* **Work item**: Look through the listing below, find every line with the string "plus", and copy it.

(Task data begins)

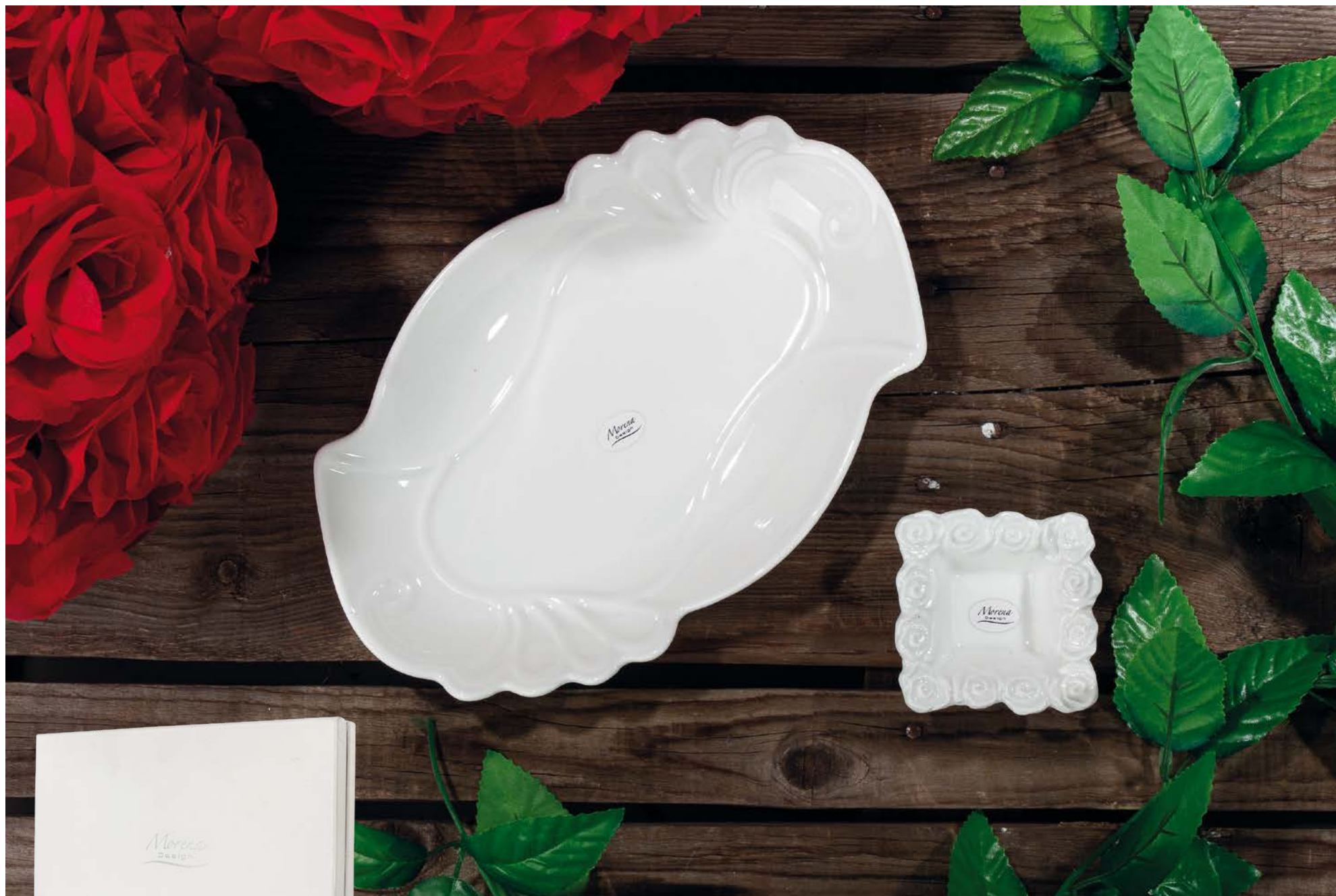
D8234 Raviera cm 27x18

(Task data ends)
(Task data begins)

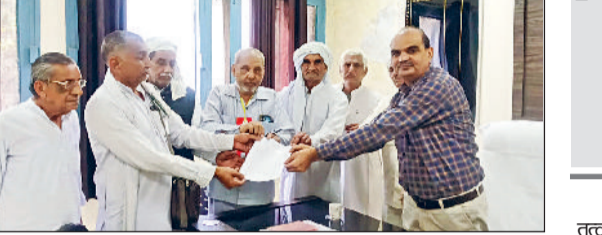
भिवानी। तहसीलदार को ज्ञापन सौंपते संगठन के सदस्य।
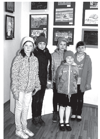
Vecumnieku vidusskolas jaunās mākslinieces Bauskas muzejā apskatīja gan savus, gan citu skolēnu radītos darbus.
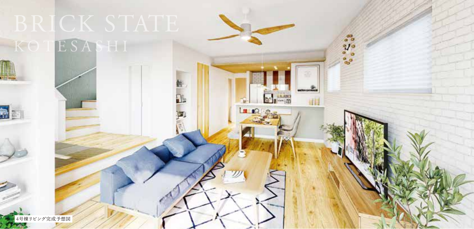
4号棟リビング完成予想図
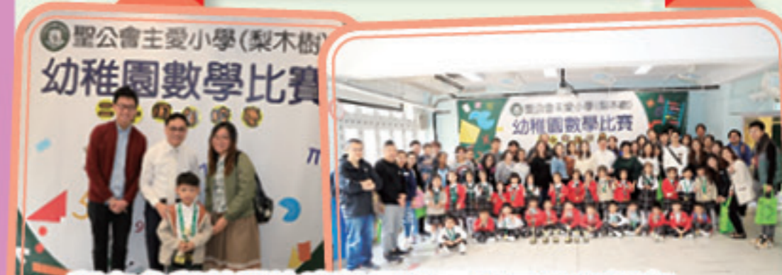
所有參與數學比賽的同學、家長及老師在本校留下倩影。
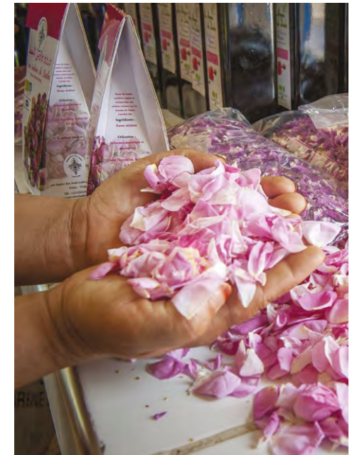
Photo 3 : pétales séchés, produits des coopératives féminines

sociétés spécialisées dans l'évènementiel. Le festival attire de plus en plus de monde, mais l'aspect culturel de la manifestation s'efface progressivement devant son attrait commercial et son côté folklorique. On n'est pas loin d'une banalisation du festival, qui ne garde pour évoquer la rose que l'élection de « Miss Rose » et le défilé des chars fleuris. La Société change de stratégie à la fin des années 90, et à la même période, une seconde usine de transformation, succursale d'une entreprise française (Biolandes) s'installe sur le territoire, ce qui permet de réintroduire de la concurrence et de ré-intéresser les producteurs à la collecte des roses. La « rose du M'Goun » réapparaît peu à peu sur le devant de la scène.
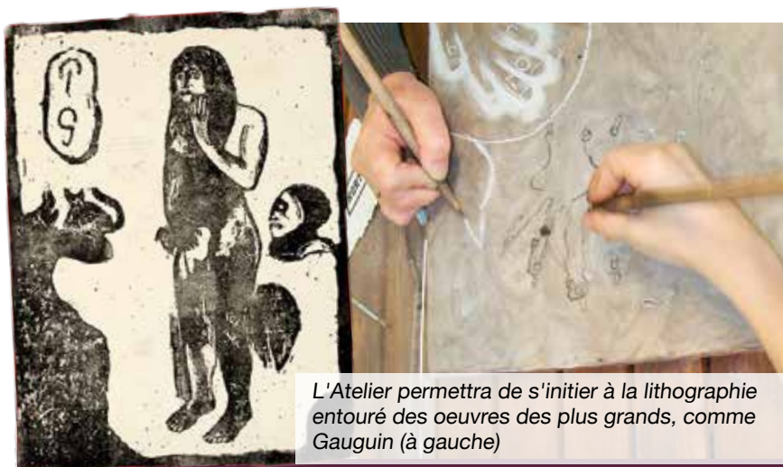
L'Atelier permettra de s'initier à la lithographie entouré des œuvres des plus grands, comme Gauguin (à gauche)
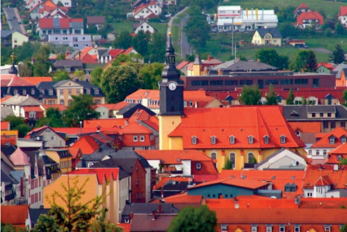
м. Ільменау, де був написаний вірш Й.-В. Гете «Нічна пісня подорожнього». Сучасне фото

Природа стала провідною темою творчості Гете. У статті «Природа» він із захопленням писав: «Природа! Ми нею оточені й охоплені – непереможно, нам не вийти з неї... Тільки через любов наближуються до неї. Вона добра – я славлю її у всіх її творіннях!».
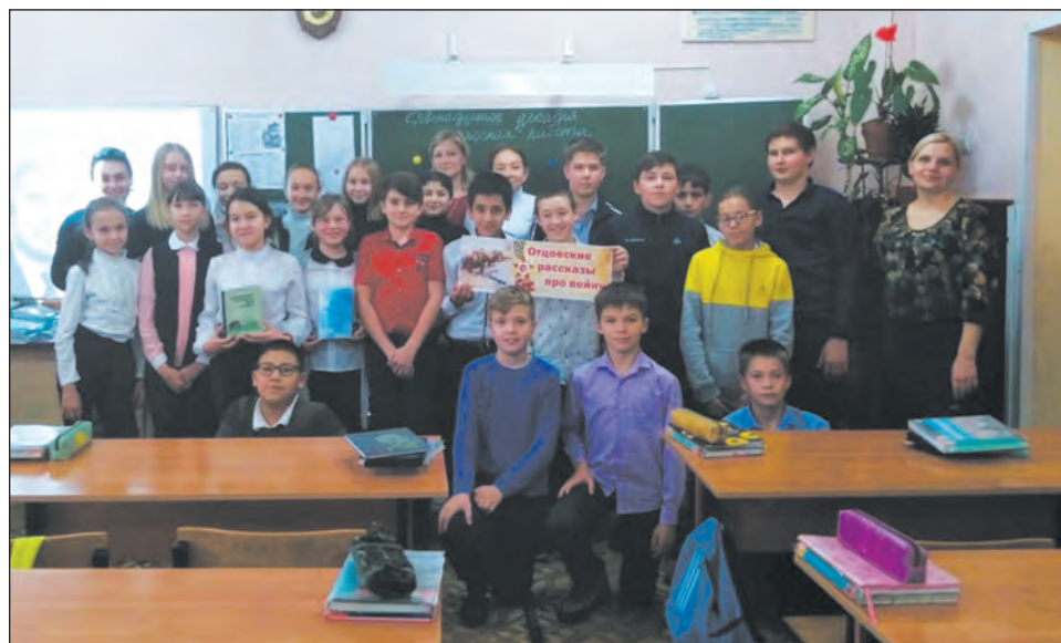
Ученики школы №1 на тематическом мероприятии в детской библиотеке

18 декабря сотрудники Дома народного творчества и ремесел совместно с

(Task data ends)
(Task data begins)

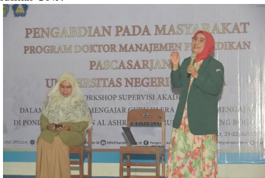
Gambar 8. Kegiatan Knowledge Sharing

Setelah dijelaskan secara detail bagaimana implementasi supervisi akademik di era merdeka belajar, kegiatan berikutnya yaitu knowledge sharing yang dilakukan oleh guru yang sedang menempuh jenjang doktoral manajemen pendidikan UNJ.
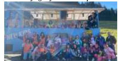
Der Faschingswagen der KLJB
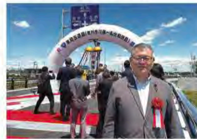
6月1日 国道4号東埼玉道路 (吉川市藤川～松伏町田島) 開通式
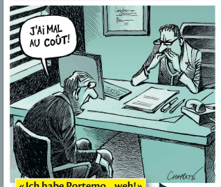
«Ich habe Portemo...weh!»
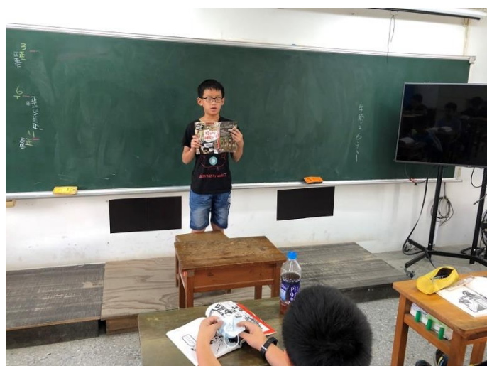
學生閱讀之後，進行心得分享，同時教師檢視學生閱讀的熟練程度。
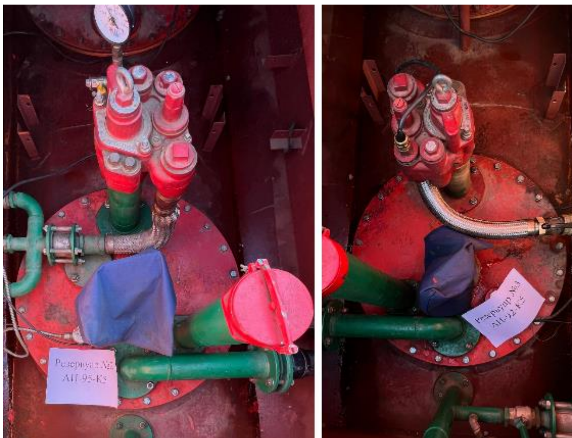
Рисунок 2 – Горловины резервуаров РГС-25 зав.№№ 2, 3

(Task data ends)

* **Answer box**:
sociétés spécialisées dans l'évènementiel. Le festival attire de plus en plus de monde, mais l'aspect culturel de la manifestation s'efface progressivement devant son attrait commercial et son côté folklorique. On n'est pas loin d'une banalisation du festival, qui ne garde pour évoquer la rose que l'élection de « Miss Rose » et le défilé des chars fleuris. La Société change de stratégie à la fin des années 90, et à la même période, une seconde usine de transformation, succursale d'une entreprise française (Biolandes) s'installe sur le territoire, ce qui permet de réintroduire de la concurrence et de ré-intéresser les producteurs à la collecte des roses. La « rose du M'Goun » réapparaît peu à peu sur le devant de la scène.
L'Atelier permettra de s'initier à la lithographie entouré des œuvres des plus grands, comme Gauguin (à gauche)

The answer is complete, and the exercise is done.